I did another test smoke this morning with the PID and convection fan modification on my propane smoker. Using Costco frozen salmon, just a simple soy sauce, apple juice brine for four hours, over night uncovered, and about four hours smoking over a blend of hickory then apple, with a light basting of maple syrup. The white in the photo was where the probe was inserted.








It is my best batch to date. Mrs Smoke was amazed at how moist it is. It was hard to stop sampling. I served it on sourdough crisps with cream cheese. And champagne.







I am sold on both of the modifications.

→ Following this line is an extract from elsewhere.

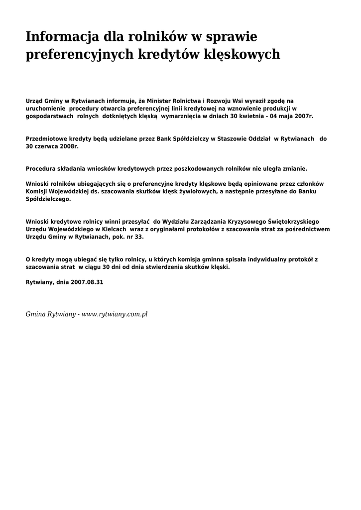 Informacja dla rolników w sprawie preferencyjnych kredytów klęskowych Urząd Gminy w Rytwianach informuje, że Minister Rolnictwa i Rozwoju Wsi wyraził zgodę na uruchomienie procedury otwarcia preferencyjnej linii kredytowej na wznowienie produkcji w gospodarstwach rolnych dotkniętych klęską wymarznięcia w dniach 30 kwietnia - 04 maja 2007r. Przedmiotowe kredyty będą udzielane przez Bank Spółdzielczy w Staszowie Oddział w Rytwianach do 30 czerwca 2008r. Procedura składania wniosków kredytowych przez poszkodowanych rolników nie uległa zmianie. Wnioski rolników ubiegających się o preferencyjne kredyty klęskowe będą opiniowane przez członków Komisji Wojewódzkiej ds. szacowania skutków klęsk żywiołowych, a następnie przesyłane do Banku Spółdzielczego. Wnioski kredytowe rolnicy winni przesyłać do Wydziału Zarządzania Kryzysowego Świętokrzyskiego Urzędu Wojewódzkiego w Kielcach wraz z oryginałami protokołów z szacowania strat za pośrednictwem Urzędu Gminy w Rytwianach, pok. nr 33. O kredyty mogą ubiegać się tylko rolnicy, u których komisja gminna spisała indywidualny protokół z szacowania strat w ciągu 30 dni od dnia stwierdzenia skutków klęski. Rytwiany, dnia 2007.08.31 Gmina Rytwiany - www.rytwiany.com.pl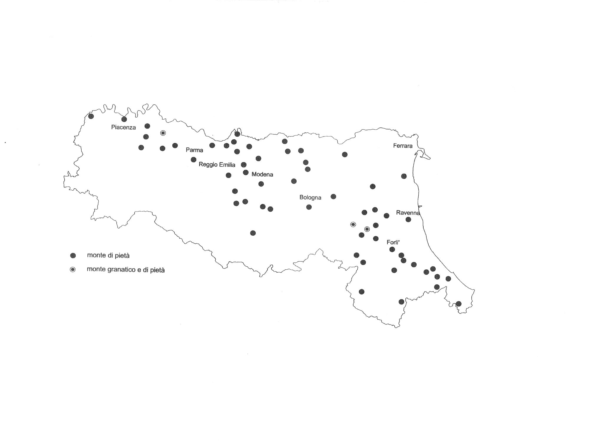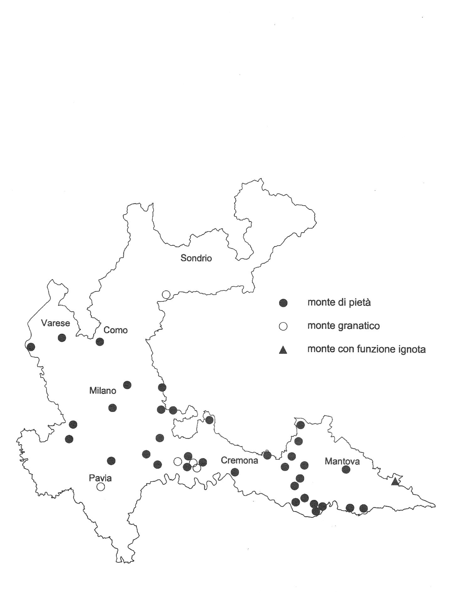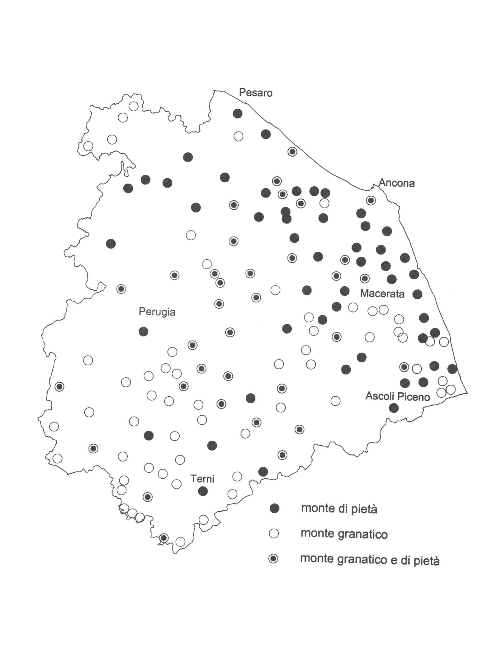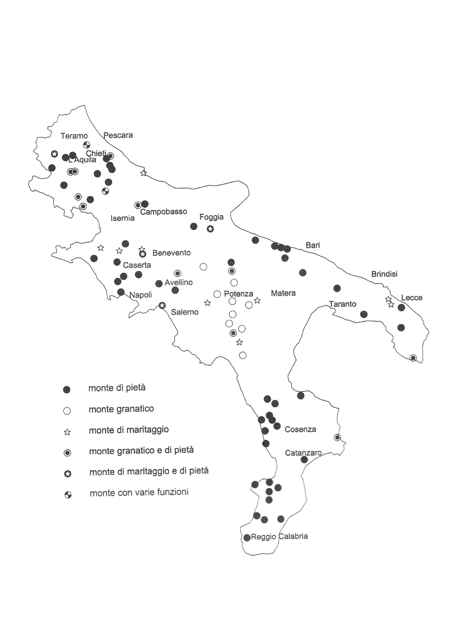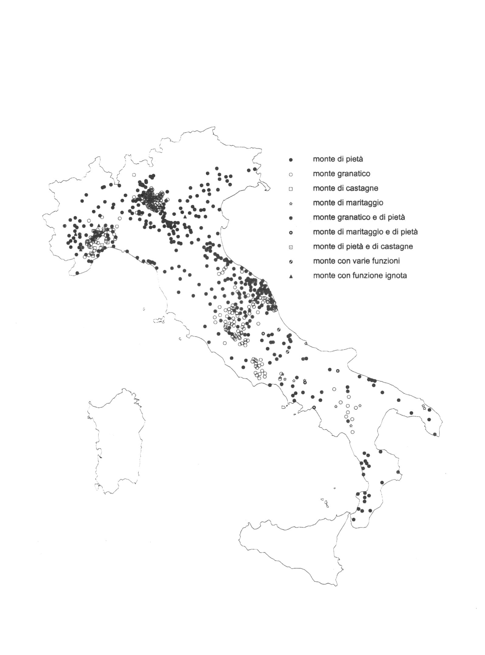 Le seguenti mappe forniscono una prima rappresentazione grafica della distribuzione dei Monti di Pietà, dei Monti frumentari, dei Monti delle castagne e dei Monti di maritaggio sul territorio italiano, divisi per aree geografiche.

I am convinced the convection fan is a game changer.


----------



## jcam222 (Dec 7, 2021)

Looks mouthwatering!! I’d love some.


----------



## TNJAKE (Dec 7, 2021)

Man that looks amazing. Pour me up 6 glasses of champagne and I'll take care of the leftover salmon!


----------



## cmayna (Dec 7, 2021)

El-Yummo!


----------



## gmc2003 (Dec 7, 2021)

Looks mighty fine to me. Jake can have my champagne I'll take the salmon.

Chris


----------



## DougE (Dec 7, 2021)

Dang, that's some awesome looking salmon.


----------



## bauchjw (Dec 7, 2021)

Perfect looking Salmon! Man my mouth is watering!


----------



## Bearcarver (Dec 8, 2021)

Great Looking Salmon!!
Haven't had for awhile!
Like.

Bear


----------



## uncle eddie (Dec 8, 2021)

Awesome stuff!  It looks delicious on this side of the screen.

What does the added fan do for you?  Eliminate hot spots?

FWIW - My wife likes smoked salmon so much she has figured out how to use my MES40.


----------



## SmokinAl (Dec 8, 2021)

I’m not a fan of Champagne, but a glass of Johnny Black would really go good with your salmon!
It really looks delicious!
Al


----------



## OldSmoke (Dec 8, 2021)

uncle eddie said:


> What does the added fan do for you? Eliminate hot spots?









Thanks for the like! The convection fan does even out the temps in the cabinet and helps distribute the smoke. In these cabinets, the smoke tends to follow up the back wall and out the rear vent.

I am guessing that the fan may also improve bark formation. I am going to test that idea tonight on a ribeye.

I also think it will help jerky dry more evenly. I’ll be testing that this weekend.


----------



## crazymoon (Dec 8, 2021)

OS, Looks delicious !


----------



## Cody_Mack (Dec 8, 2021)

Beautiful! Smoked at what temp?

Rick


----------



## OldSmoke (Dec 8, 2021)

Cody_Mack said:


> Beautiful! Smoked at what temp?
> 
> Rick



I ramped from 100* to 200* in four steps.


----------